La seconde raison est liée aux scrupules démocratiques d’un Jokowi, petit entrepreneur issu du peuple, qui a été élu deux fois grâce à la mobilisation des forces progressistes du pays face au même candidat, Prabowo, ancien général accusé de crimes contre l’humanité et membre de l’oligarchie, soutenu pas les partisans de l’islamisme le plus conservateur. Déjà accusé de favoriser depuis quelque temps une certaine dérive illibérale, en bridant toute expression de ce qui peut être un obstacle au développement économique du pays, on peut comprendre que Jokowi ne veuille pas adopter des mesures encore plus autoritaires et franchir le pas qui lui vaudrait définitivement le qualificatif de « petit Suharto » dont il est déjà affublé et de passer à la postérité comme le fossoyeur d’une démocratie chèrement acquise.

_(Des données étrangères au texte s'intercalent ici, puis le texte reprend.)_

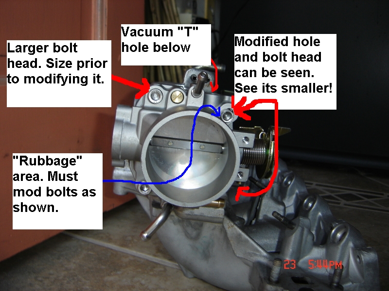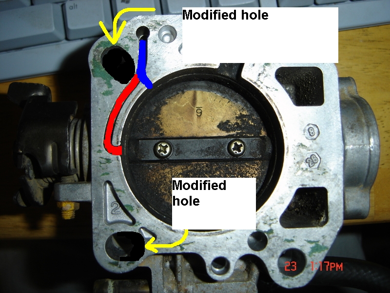I made these holes in the TB with a drill and an air rasp. It took quite a while to open up the holes enough to pass over the studs on the intake manifold. I drilled and cleaned out the holes until it slid onto the studs. I do not have pictures of the modified throttle body. But I will do the best I can with internet pictures to show how to do all the mods.

La combinaison de ces deux motivations place l’Indonésie face à un risque majeur d’explosion de la pandémie. Cela a suscité une tension croissante entre un gouvernement central, enclin à la procrastination, et des autorités régionales, plus conscientes des risques encourus. Ainsi, après moult tergiversations et une pression de plus en plus forte du gouverneur de Jakarta, Anies Basdewan, que beaucoup voient déjà comme le candidat favori des milieux islamistes à l’élection présidentielle de 2024, Jokowi a finalement décidé de l’autoriser à imposer des mesures de distanciation sociale dans la capitale à compter du 13 avril. Il semble toutefois qu’elles soient très difficiles pour ne pas dire impossible à faire respecter. Par ailleurs, la perspective de voir la capitale se vider de 10 à 15 millions de ses habitants fin mai pour le lebaran est un véritable cauchemar. Le président a bien recommandé à tout le monde de rester à son domicile, mais il est peu probable que la consigne soit respectée. Il est difficilement envisageable d’imposer un confinement total à un pays caractérisé depuis vingt ans par une forte réislamisation de la société et une piété croissante car cela fournirait des armes redoutables à une minorité islamiste radicale qui ne rêve que de mettre fin à la démocratie, de revenir à un régime autoritaire, voire d’imposer un État Islamique.
Bien que personne n’en parle, la situation de l’Indonésie, est donc emblématique du dilemme auquel tous les pays sont confrontés face à cette pandémie du Covid-19 : comment essayer de l’enrayer et de la juguler, en imposant des mesures nécessairement coercitives qui portent atteinte aux libertés individuelles, sans ouvrir la porte à une régression démocratique, qui ne ferait que renforcer la vague de national-populisme autoritaire ayant déjà submergé une bonne partie de la planète, ni couler l’économie et déclencher une grave crise sociale risquant d’emporter le régime.